Aerobic exercise can help you become more efficient, protect against illness, and improve sleep. You can find out why this form of training offers so many advantages here.
Aerobic training initially sounds like a somewhat unwieldy technical term. But you’ve probably already done aerobic training yourself, because any form of moderate endurance sport is considered aerobic training. These include casual jogging and cycling, swimming or even brisk walking.
However, to ensure that you remain in the aerobic range, it is important not to train too intensively during endurance sports. So it’s worth slowing down so you can benefit from the benefits of aerobic training.
What is Aerobic Training?
The term “aerobic” comes from Greek and means “with oxygen”. Aerobic training describes forms of exercise in which the body uses oxygen to generate energy.
Here’s what happens: When we move, our muscles need energy. During aerobic exercise, this energy comes primarily from carbohydrates and fats. The oxygen we breathe ensures that these nutrients are burned efficiently in the cells. The result is a long-lasting energy supply that allows us to stay active for longer periods of time.
In contrast to this is anaerobic training. The term “anaerobic” means “without oxygen”. During anaerobic exercise such as strength training or sprinting, the body cannot provide oxygen quickly enough to produce the energy it needs.
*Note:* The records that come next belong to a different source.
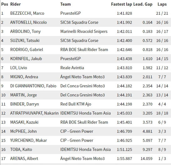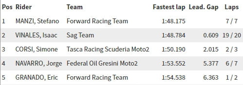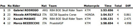 Les chose n’en restaient toutefois pas là puisque Tatsuki Suzuki (Honda, SIC58 Squadra Corse) et Marco Bezzecchi descendaient la référence provisoire en 1’42.237 à 15 minutes du drapeau à damier, avant que l’Italien de la VR46 Riders Academy claque un 1’41.828 dans les dernières secondes. Il est suivi par Niccolo Antonelli (Honda, SIC58 Squadra Corse) et Tony Arbolino (Honda, Marinelli Rivacold Snipers).
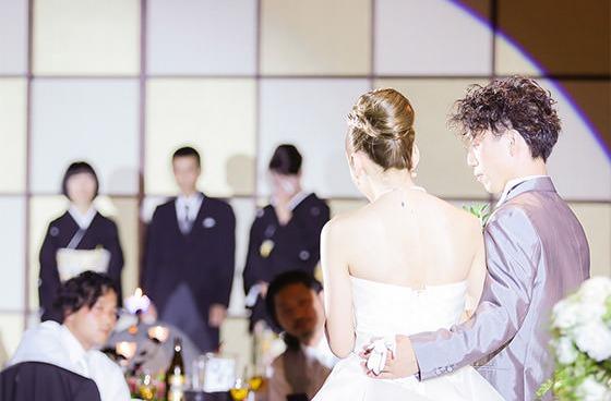 ≪当日のお客様の感想より≫ 自分たちが主役ということで普段一緒に働いてる職場仲間や友達から注目を浴びるという事は緊張しましたが、感動を与えられるような式ができて本当に良かったと思っています。
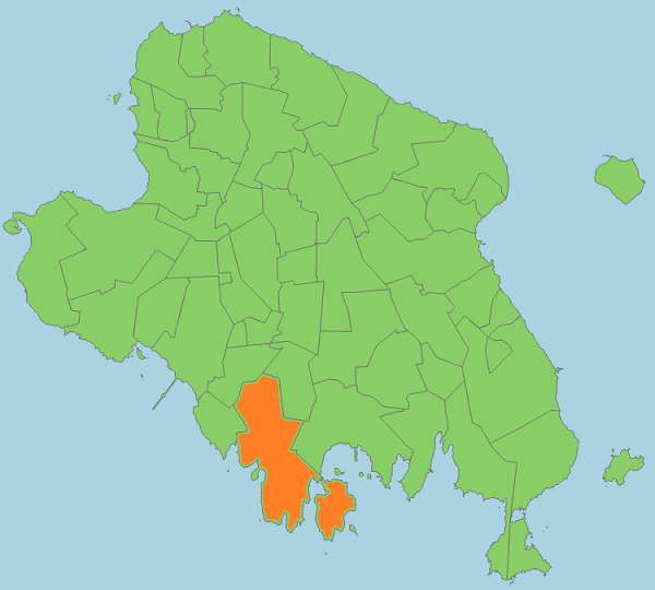 Kaarti vaadates võiks väita, et Lahekülal on Muhu küladest kõige suurem merepiir, kuigi otseselt mere vahetus läheduses asub vaid Lao koht, mis asub Suurlaiul ja tänu Suurlaiule merepiir nii pikaks veninud ongi.

Instead, it uses energy sources that do not require oxygen and are already available in the body. This is faster, but our body can only provide a limited amount of energy. This also explains why we get tired more quickly during anaerobic exercise, according to the European Food Information Center (EUFIC).
However, aerobic and anaerobic training are not clearly separated categories. According to the EUFIC, in most sports the two metabolisms complement each other. It therefore makes more sense to understand the two terms as end points of a scale.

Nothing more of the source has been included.